Data for processing =

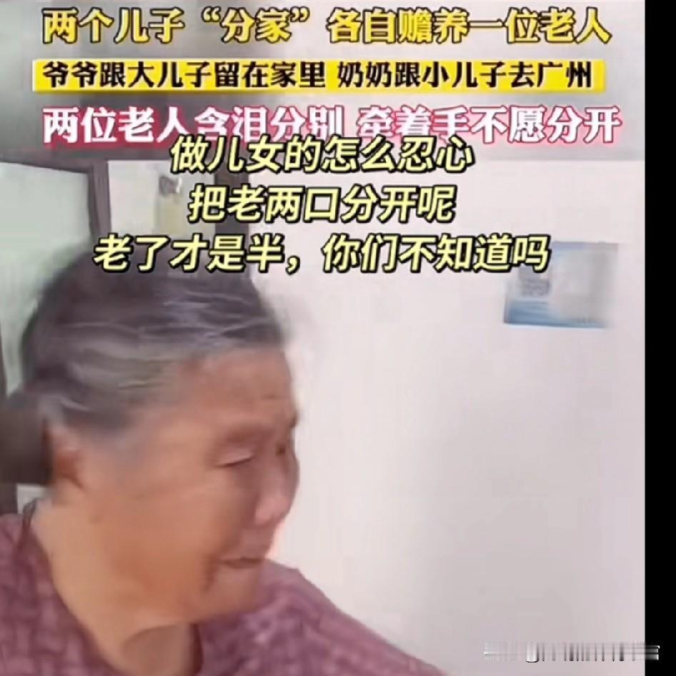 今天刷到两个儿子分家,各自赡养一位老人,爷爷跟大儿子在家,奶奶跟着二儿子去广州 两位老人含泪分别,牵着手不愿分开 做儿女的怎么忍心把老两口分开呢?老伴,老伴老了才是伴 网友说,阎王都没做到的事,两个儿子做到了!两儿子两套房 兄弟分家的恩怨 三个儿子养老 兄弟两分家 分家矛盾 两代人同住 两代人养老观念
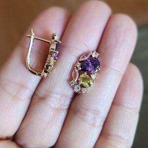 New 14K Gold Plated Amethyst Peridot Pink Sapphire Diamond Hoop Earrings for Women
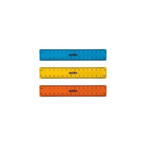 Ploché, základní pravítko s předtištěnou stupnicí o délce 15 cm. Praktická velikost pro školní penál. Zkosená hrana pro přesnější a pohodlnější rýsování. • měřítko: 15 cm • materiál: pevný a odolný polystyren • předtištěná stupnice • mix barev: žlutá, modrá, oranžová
* * *
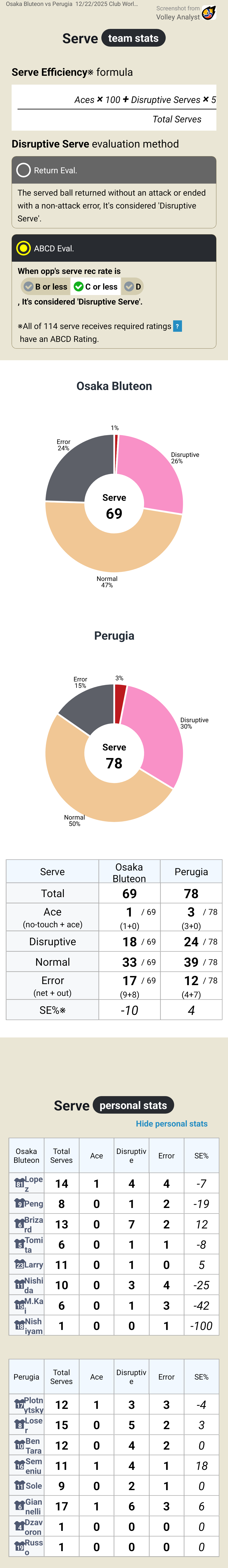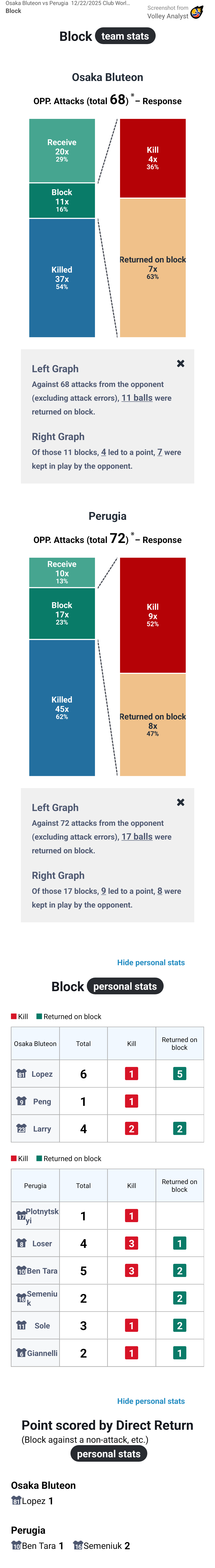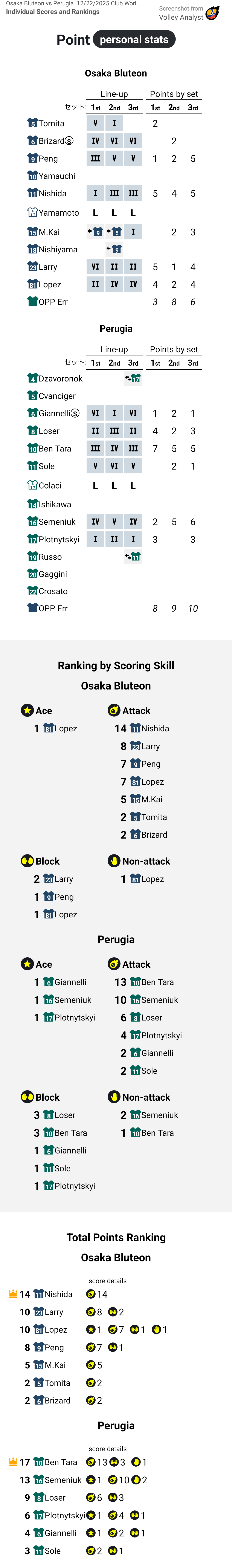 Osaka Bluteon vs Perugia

Directions =
Range to copy from the listing above: the line with "分家矛盾 两代人同住 两代人养老观念" through the line with "Ploché, základní pravítko". Transcribe it exactly and skip the pictures.

Output for this exercise =
 今天刷到两个儿子分家,各自赡养一位老人,爷爷跟大儿子在家,奶奶跟着二儿子去广州 两位老人含泪分别,牵着手不愿分开 做儿女的怎么忍心把老两口分开呢?老伴,老伴老了才是伴 网友说,阎王都没做到的事,两个儿子做到了!两儿子两套房 兄弟分家的恩怨 三个儿子养老 兄弟两分家 分家矛盾 两代人同住 两代人养老观念
 New 14K Gold Plated Amethyst Peridot Pink Sapphire Diamond Hoop Earrings for Women
 Ploché, základní pravítko s předtištěnou stupnicí o délce 15 cm. Praktická velikost pro školní penál. Zkosená hrana pro přesnější a pohodlnější rýsování. • měřítko: 15 cm • materiál: pevný a odolný polystyren • předtištěná stupnice • mix barev: žlutá, modrá, oranžová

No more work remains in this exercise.